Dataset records
((
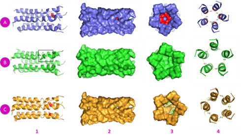 A pentamer structure of E protein (PDB ID: 7K3G) consists of five chains. The mutation was first loaded onto one chain, then onto all links. By homology modeling and constructing the topology structure, we established that there is a difference in how a mutation affects the overall shape of the protein, especially if the mutation occurs in all chains. The new protein has a completely different topology from the old one, which has an effect on the protein and, of course, the virion particle (Fig. 2).
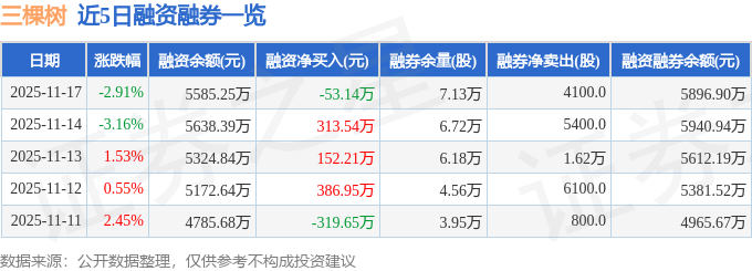 三棵树融资融券信息显示,融资方面,当日融资买入509.35万元,融资偿还562.49万元,融资净偿还53.14万元。融券方面,融券卖出6500.0股,融券偿还2400.0股,融券余量7.13万股,融券余额311.65万元。融资融券余额5896.9万元。
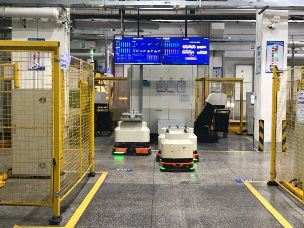 在沃德精密智能工廠,AGV機(jī)器人正在自動進(jìn)行物料配送。程浩 攝
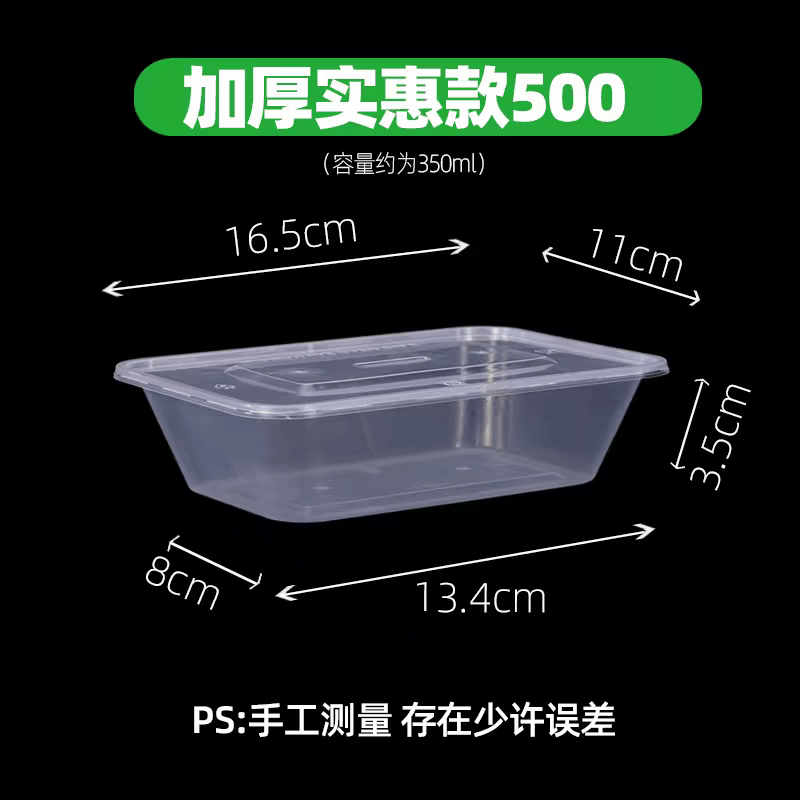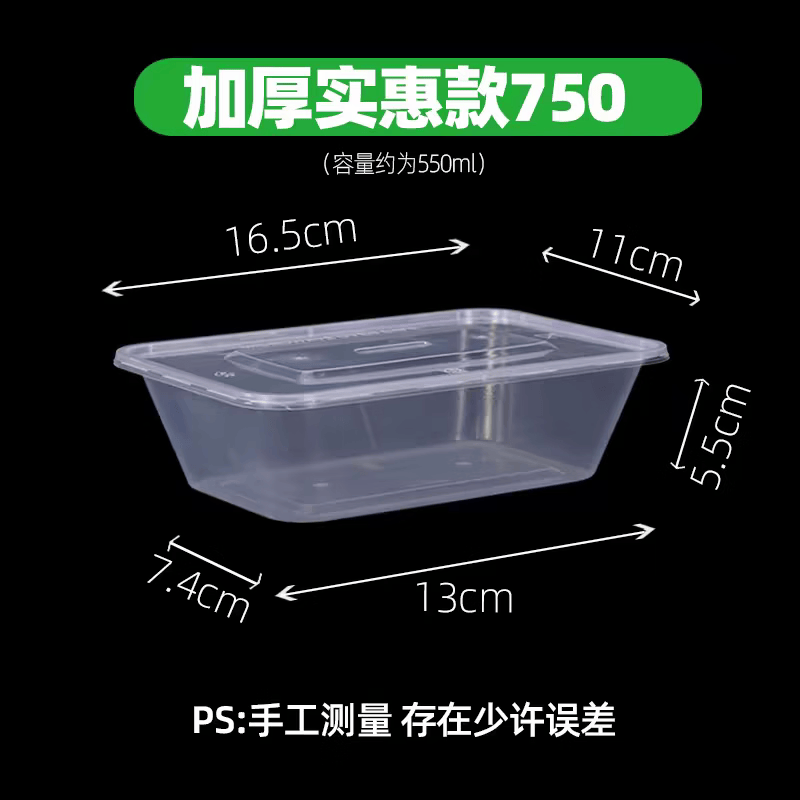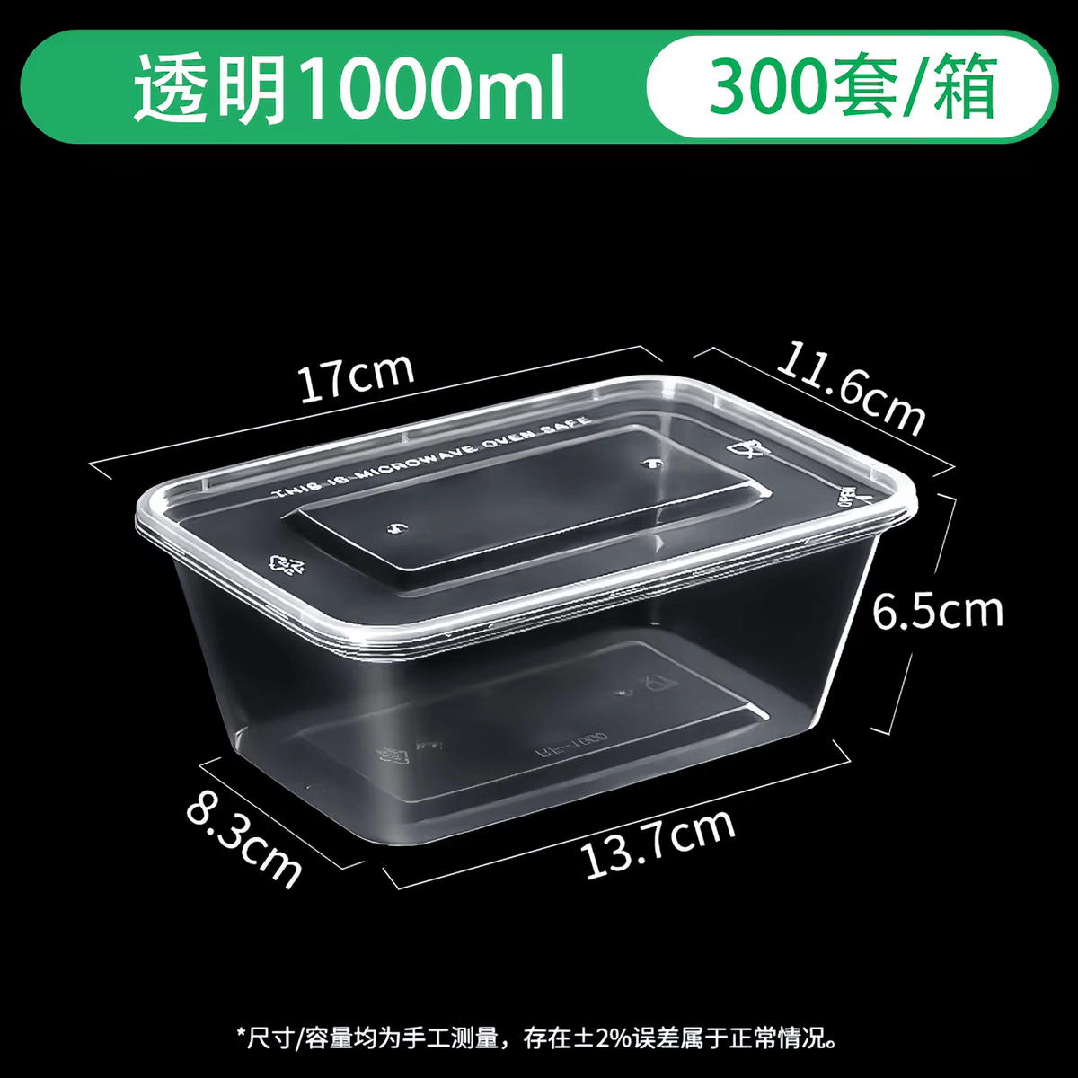 Ka食品级方形餐盒带盖一次性餐盒透明外卖打包盒加厚塑料快餐饭盒 方盒带盖 1000方300个
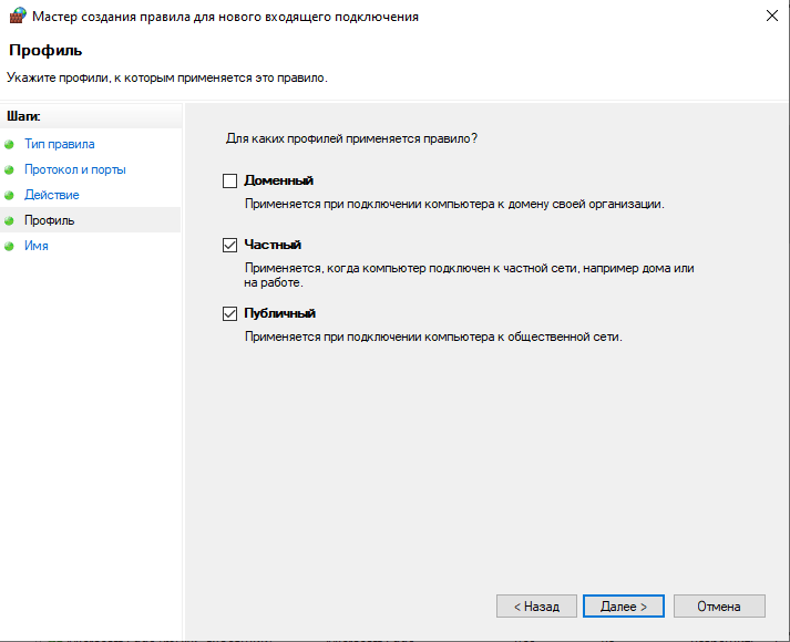- Профиль: Оставьте галочки для тех профилей (Доменный, Частный, Публичный), в которых должен работать RDP. Для сервера достаточно «Частного» и «Публичного».
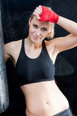 fitness kobieta nastolatek w sportowy strój trzymać ręcznik
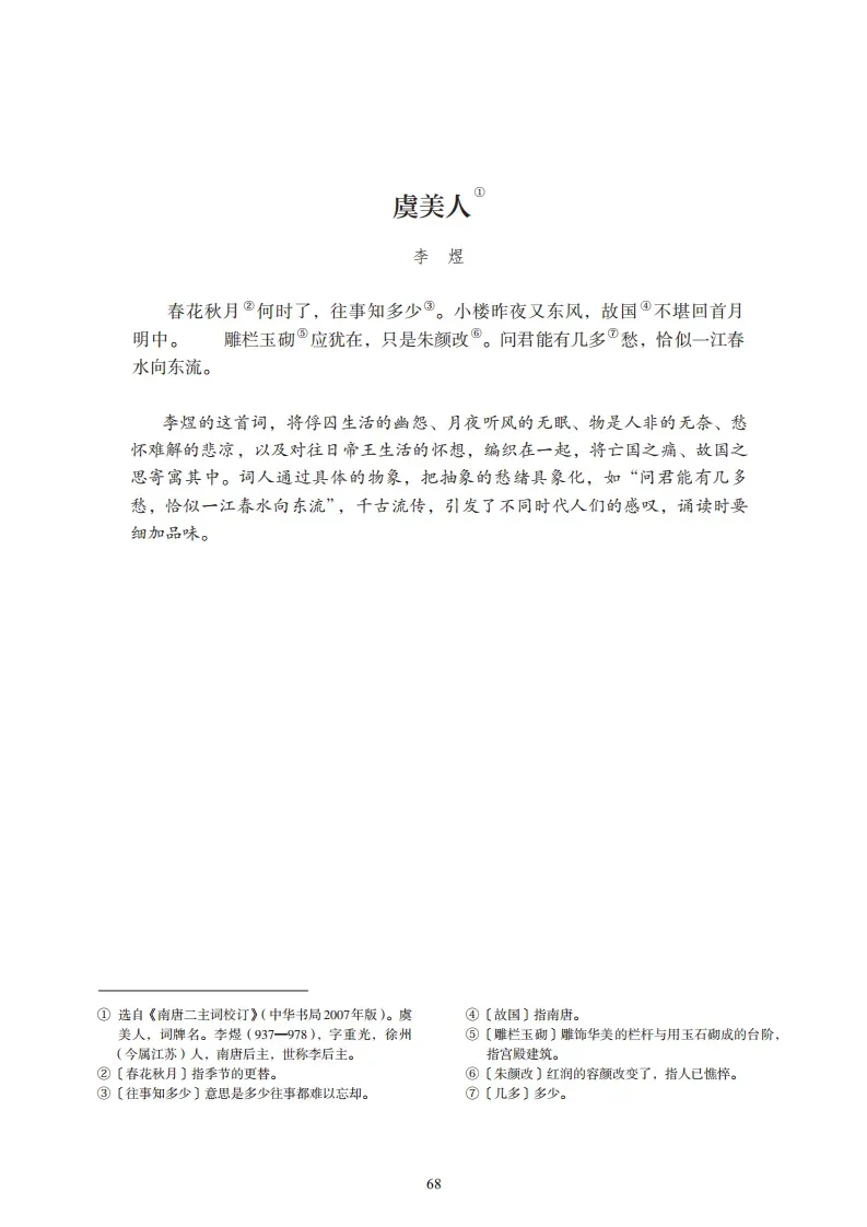 22、《虞美人·春花秋月何时了》(李煜)春花秋月何时了?往事知多少。小楼昨夜又东风,故国不堪回首月明中。雕栏玉砌应犹在,只是朱颜改。问君能有几多愁?恰似一江春水向东流。
))
PROBLEM:
What you print must match the entries exactly, except that no pictures appear.

ANSWER BOX:
 A pentamer structure of E protein (PDB ID: 7K3G) consists of five chains. The mutation was first loaded onto one chain, then onto all links. By homology modeling and constructing the topology structure, we established that there is a difference in how a mutation affects the overall shape of the protein, especially if the mutation occurs in all chains. The new protein has a completely different topology from the old one, which has an effect on the protein and, of course, the virion particle (Fig. 2).
 三棵树融资融券信息显示,融资方面,当日融资买入509.35万元,融资偿还562.49万元,融资净偿还53.14万元。融券方面,融券卖出6500.0股,融券偿还2400.0股,融券余量7.13万股,融券余额311.65万元。融资融券余额5896.9万元。
 在沃德精密智能工廠,AGV機(jī)器人正在自動進(jìn)行物料配送。程浩 攝
 Ka食品级方形餐盒带盖一次性餐盒透明外卖打包盒加厚塑料快餐饭盒 方盒带盖 1000方300个
- Профиль: Оставьте галочки для тех профилей (Доменный, Частный, Публичный), в которых должен работать RDP. Для сервера достаточно «Частного» и «Публичного».
 fitness kobieta nastolatek w sportowy strój trzymać ręcznik
 22、《虞美人·春花秋月何时了》(李煜)春花秋月何时了?往事知多少。小楼昨夜又东风,故国不堪回首月明中。雕栏玉砌应犹在,只是朱颜改。问君能有几多愁?恰似一江春水向东流。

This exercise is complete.